# super market at Zeebrugge



## devjb (Dec 16, 2010)

Can anyone give co ordinates or location of a good sized super market somewhere near Zeebrugge port. Thanks


----------



## devjb (Dec 16, 2010)

Anyone help?


----------



## Stanner (Aug 17, 2006)

It all depends what sort of supermarket you want and what you want to buy.

Belgium doesn't really seem to do the french "hypermarket" thing as neither does Germany really - they seem to like their smallish supermarkets along the lines of Lidl, Aldi etc.
In Belgium you get the likes of Delhaize & Colruyt + Lidl in some places.

Colruyt is cheap(ish) and in the "Cash & Carry" style of Costco BUT only take cash or a domestic Belgian card (can't remember the type).

I don't know about Zeebrugge itself but there are a selection of supermarkets (inc. Colruyt and Delhaize) along this road in Westkapelle/Knokke not far away.

https://www.google.co.uk/maps/@51.328026,3.295137,3a,75y,70.97h,84.91t/data=!3m4!1e1!3m2!1sC519hfP01LeyPH3GO9zCGQ!2e0

http://www.delhaize.be/languagepage

http://www.colruyt.be/colruyt/AppServlet?m=ColruytSiteCtrl.requestGetParams&_moduleEntrance=Y

PS You'll have to cut and past the whole of the goolemap link as it isn't hypertexting properly.


----------



## devjb (Dec 16, 2010)

Thanks for the reply. 

We found a large Auchan at Roncq, near to the French/Belgium boarder.


----------



## Stanner (Aug 17, 2006)

> Thanks for the reply.
> 
> We found a large Auchan at Roncq, near to the French/Belgium boarder.


 :? 
That is in France and a long way from Zeebrugge.


----------



## drcotts (Feb 23, 2006)

Are you staying in Zebrugge before crossing or is this just a stop on route back to calias


----------



## devjb (Dec 16, 2010)

No, we were on our way back from Le Grand Bornand to Zebrugge.
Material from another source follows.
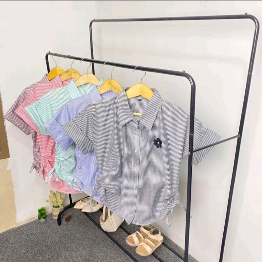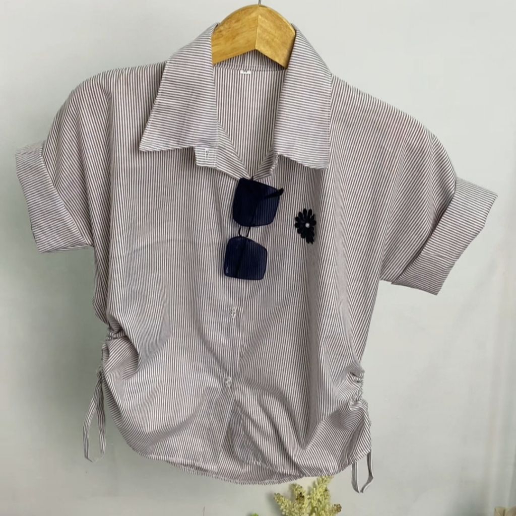 ANNARA STRIPES SHIRT - Kemeja Wanita Kekinian Lengan Pendek Kemeja Salur Wanita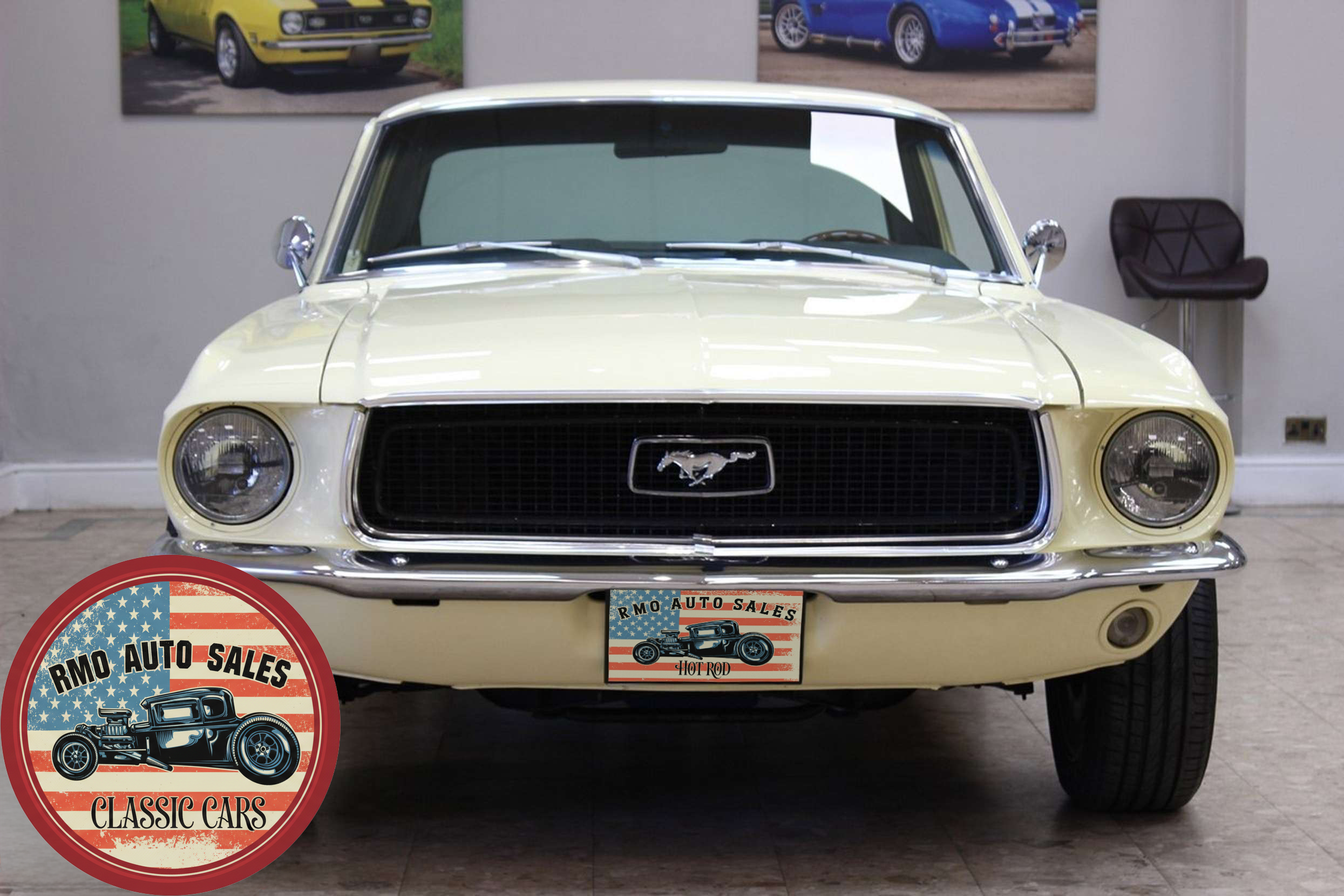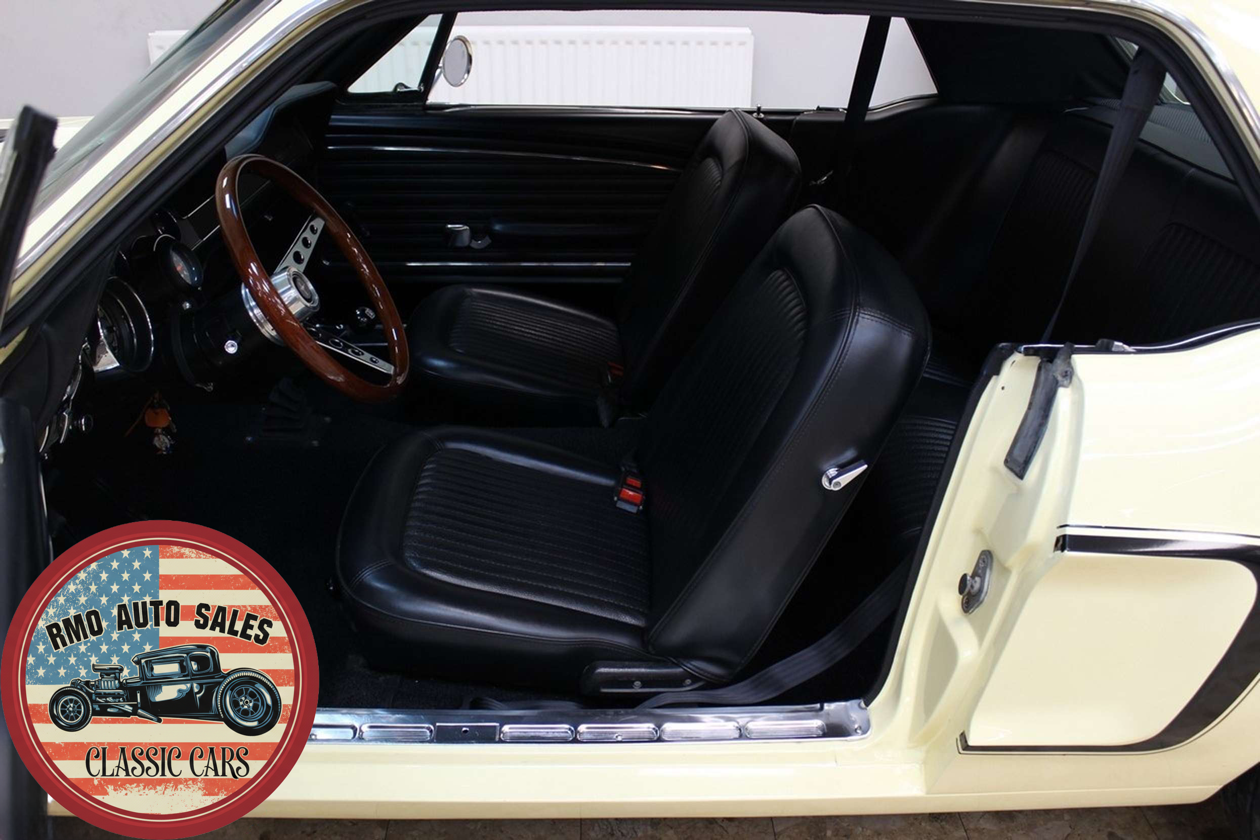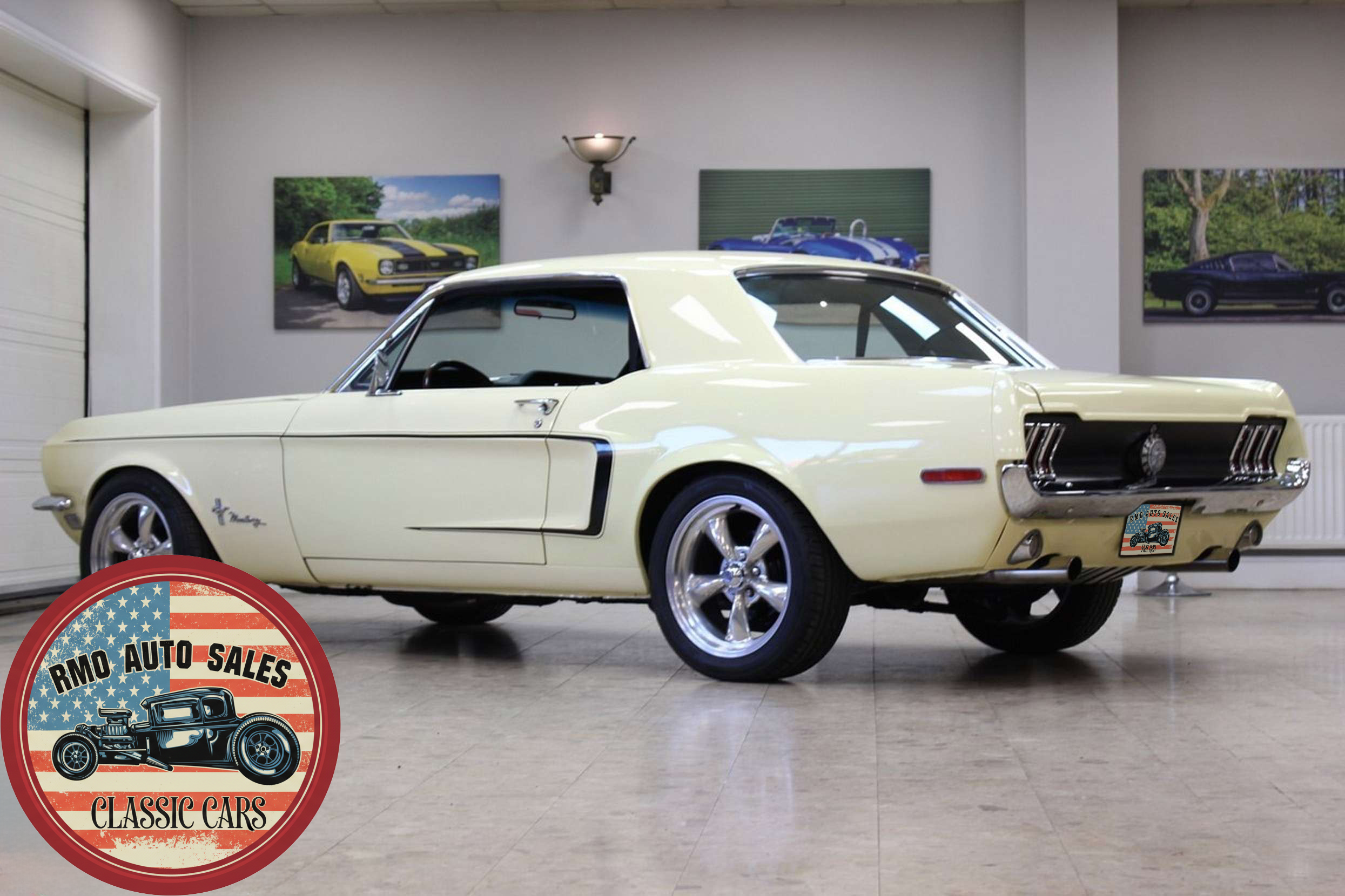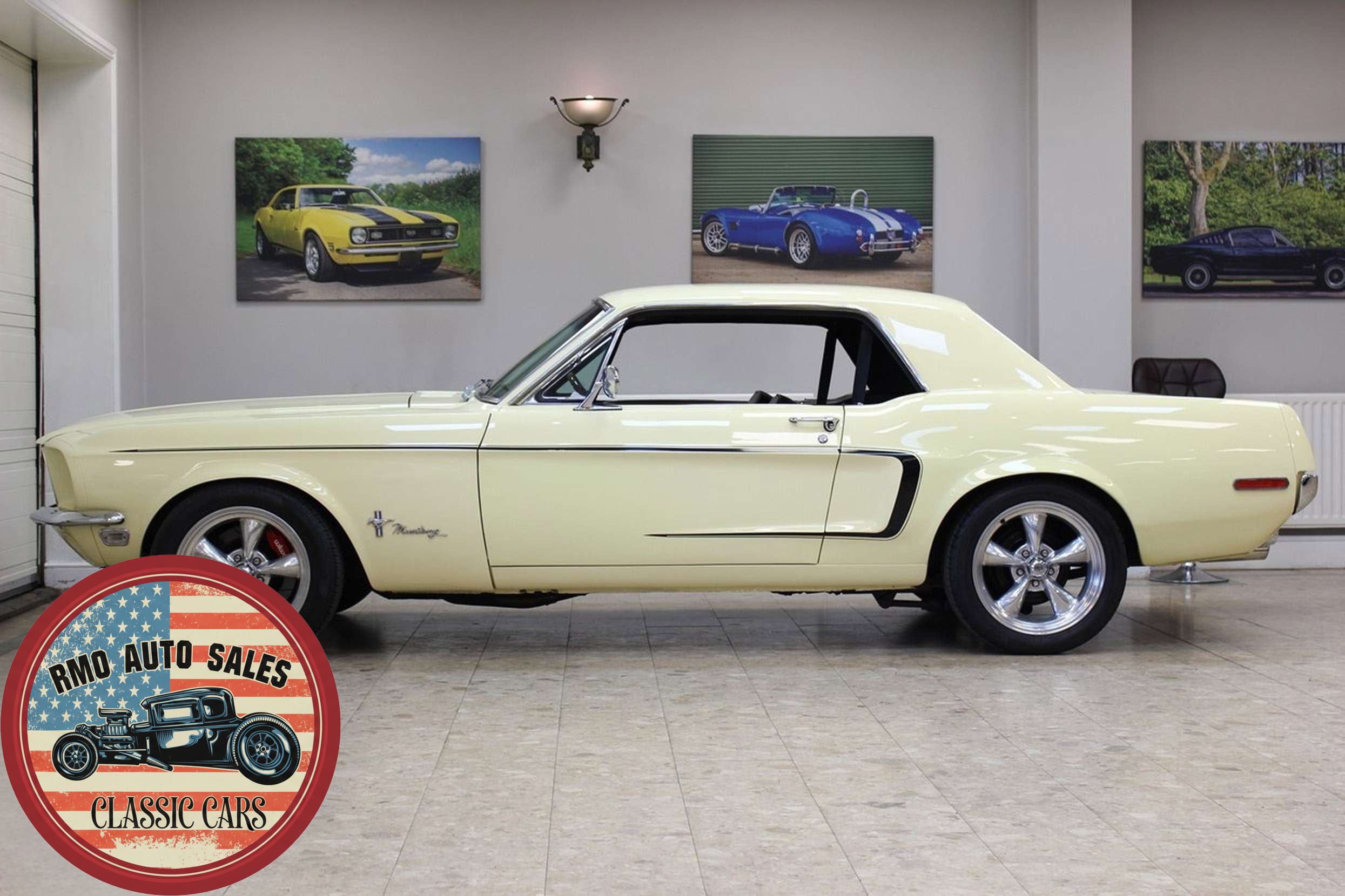 1968 Ford Mustang Coupe with a rebuilt 302 V8 and 5-speed Tremec T5 manual gearbox. Finished in Meadowlark Yellow with black bucket seats, REV polished alloy wheels, satin black factory side decals, and a Mustang wood/alloy steering wheel. Upgraded with front coil-over suspension, Wilwood master cylinder, 13-inch front disc brakes, rear traction bars, Flaming River steering box, stainless braided lines, and a Flowmaster dual exhaust system with ceramic-coated headers.

Just wanted to top up the wine supplies before the ferry. Thanks


----------



## Stanner (Aug 17, 2006)

> No, we were on our way back from Le Grand Bornand to Zebrugge. Just wanted to top up the wine supplies before the ferry. Thanks


Good job you did your booze shopping before you got to Zeebrugge then, as duty is higher (and thus prices) on wine there than in France*.

You wait until Belgium for cigs and baccy - much cheaper than France, but a bit dearer than Luxembourg.

* Which is why I asked what you wanted to buy.


----------



## trevd01 (Oct 26, 2007)

Buy your wine in France. 

But buy your beer in Belgium...


----------



## gloworm (Nov 21, 2008)

There is a large shopping area just near camping memling at Brugge, its easy parking and not too far from ferry terminal.


----------



## gloworm (Nov 21, 2008)

There is a large shopping area just near camping memling at Brugge, its easy parking and not too far from ferry terminal.


----------